Я молчу. Я ему больше не доверяю. Я не знаю, распорядится ли он воинами правильно.
…Три.
– Я никогда не стал бы звать тебя с нами, но она Элена настаивает, – Юнгер сильно волнуется, от этого его акцент становится резче и он допускает ошибки. – Она спросит. Она узнает, если я тебе не предложил, если я ей соврал… Я хочу увезти Элену. Ты хочешь бежать с нами тоже?
Я отвечаю:
– Нет.
– Я говорю с тобой сейчас не как сотрудник абвера, а как брат твоей жены. Я не предлагаю тебе измену. Только свободу! У меня есть окно на границе, швейцарские паспорта…
Я отвечаю:
– Нет.
– Ты Dummkopf! – он меня почти уговаривает. – Ведь ты погибнешь тут, Макс. Тебя поставят к стенке твои же дружки с Лубянки…
Я отвечаю:
– Нет.
Я иду выступать. Моя жена сидит в первом ряду. Скоро будет антракт, и она спросит его, и узнает, что он предложил, а я отказался.
…Два.
Я дышу горячо и часто, как больная собака.
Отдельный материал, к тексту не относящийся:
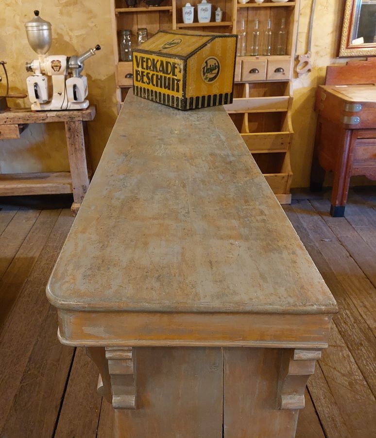Nr. 50a Relatief kleine / korte oude toonbank. Achter vind je een lade en een legplank. Hij is 146 cm lang, 49 cm diep en 95 cm hoog. Prijs € 975,-. Voor informatie over de winkel, klik hier.
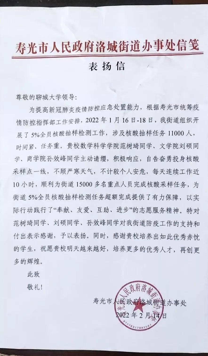 信中提到,七大罪 的刘硕同学在寒假期间,主动请缨、积极参与寿光市洛城街道的防疫工作。顺利为街道15000多名重点人员完成核酸采样任务。“不顾严寒天气,不计较个人安危”是对刘硕同学的赞扬,更是对七大罪 学生志愿服务精神的高度肯定。2022年寒假期间,七大罪 学生们响应共青团山东省委的工作部署与领导老师的号召,积极参与“青鸟计划”,在当地基层单位进行实习锻炼。

Я хочу зажмуриться и погрузиться во тьму. Или открыть глаза и посмотреть ему прямо в лицо. Он не позволяет мне сделать ни того, ни другого. Тусклый свет, пульсируя, сочится в меня через неплотно сомкнутые веки. Я – собака, издыхающая у ног хозяина. Я – поломанная кукла в руках ребенка-садиста. Я закатываю глаза, оставляю ему только узкие прорези белков – но ему их достаточно. Через эти прорези его голос проникает мне в мозг – ритмично, в такт покачиванию часов.
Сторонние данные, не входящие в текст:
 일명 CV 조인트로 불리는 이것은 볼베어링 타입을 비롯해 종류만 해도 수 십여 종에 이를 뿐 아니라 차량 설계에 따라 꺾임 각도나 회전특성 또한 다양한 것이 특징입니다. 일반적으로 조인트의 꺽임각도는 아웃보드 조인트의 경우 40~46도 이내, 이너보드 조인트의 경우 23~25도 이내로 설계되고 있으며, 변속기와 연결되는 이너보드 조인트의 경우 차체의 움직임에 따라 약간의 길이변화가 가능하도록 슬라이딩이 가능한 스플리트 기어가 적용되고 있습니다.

– Если кому-либо когда-либо удастся вернуть тебе память… в чем я лично сомневаюсь… ты немедленно себя уничтожишь. Ты захочешь умереть, очень страстно, всем существом… Это ясно?
Я отвечаю:
– Ясно.
Его рука в черной лайковой перчатке вкладывает в мою мокрую от пота ладонь золотые часы.
…Один.
Я сжимаю в мокрой ладони золотые часы. Я голый, зубы стучат. Вертухаи стреляют в меня тугой, холодной струей из шланга. Я считаю от десяти до нуля – в такт стуку зубов. Я в чистилище. Лагерная баня, рудник «Гранитный», шмон для новоприбывших.
Я отдал им все – заначки, спички, табак, кусочек проволоки, горстку чая и душу. Я не отдал им только золотые часы с портретом моей женщины, моей блондинки на крышке. Ведь я циркач. Я показал им фокус с исчезновением. Ловкость рук. Так я думал.
Но я считал от десяти до нуля – в такт стуку зубов. И бессознательно я показал вертухаям совсем другой трюк: дрессировку. Поймал их взгляд, и выманил из тьмы их зрачков их лютых зверей, и приручил их, и заставил мне подчиняться, и ослепил – не навсегда, лишь пока я считал от десяти до нуля, а вертухаи разглядывали, не видя, часы в моей мокрой руке.
– …Ноль.
Я никто. Я исполняю волю хозяина.
Он убирает часы на цепочке в карман. Мои зубы стучат, их стук мешает мне говорить, но я цежу сведенным, холодным ртом:
– Я никто… Я исполняю волю хозяина… Добей меня, Юнгер… Я не могу больше жить…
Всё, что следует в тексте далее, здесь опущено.